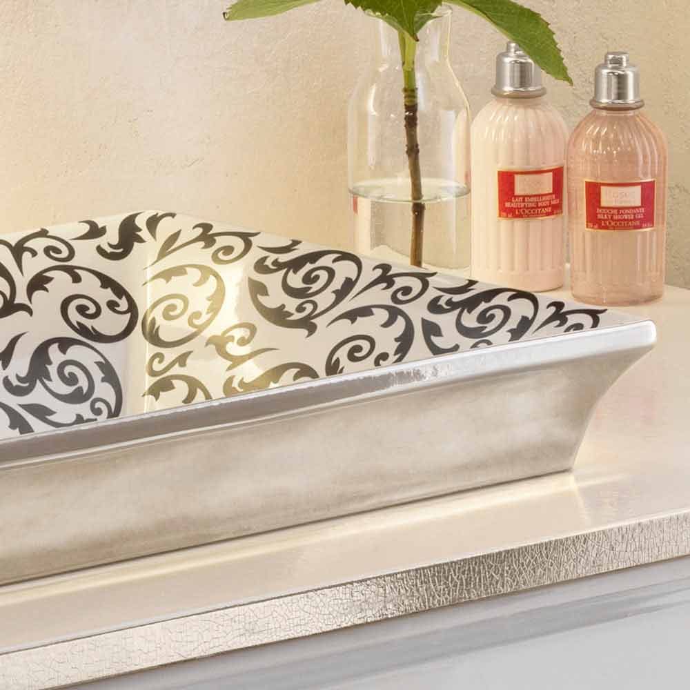 NB: Fire Clay ist ein Keramikmaterial der Kategorie Steinzeug, das aus unreinem Kaolin hergestellt wird. Es ist in seiner ganzen Masse wie Porzellan verglast. Halbeinbauwaschbecken im moderenen Design hergestellt in IItalien, Guido Waschbecken aus Fire Clay innen mit Ornamenten Blumen handbemalt und aussen im Platin Finish.
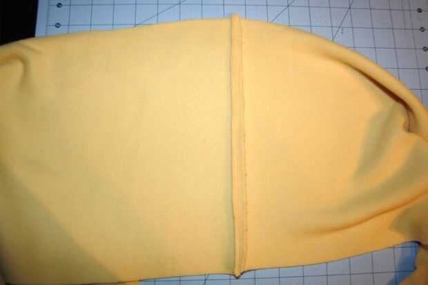 Esta es la apariencia de la costura como ahora. Coloque el pañuelo delante de usted con las costuras crudas frente a usted:
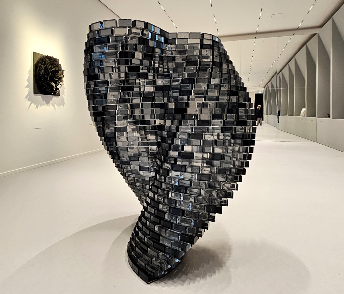 In der BlackBox stoßen wir auf »Alar« von Shirazeh Houshlary (*1955), ein Körper aus schwarzen und grauen Glasziegeln, dessen Form an die Doppelhelix der DNA denken lässt.
--*--
=== Directions ===
From the line containing "Esta es la apariencia" to the last line of the material, every line is to be reproduced exactly. No picture belongs in the copy.

=== Task result ===
 Esta es la apariencia de la costura como ahora. Coloque el pañuelo delante de usted con las costuras crudas frente a usted:
 In der BlackBox stoßen wir auf »Alar« von Shirazeh Houshlary (*1955), ein Körper aus schwarzen und grauen Glasziegeln, dessen Form an die Doppelhelix der DNA denken lässt.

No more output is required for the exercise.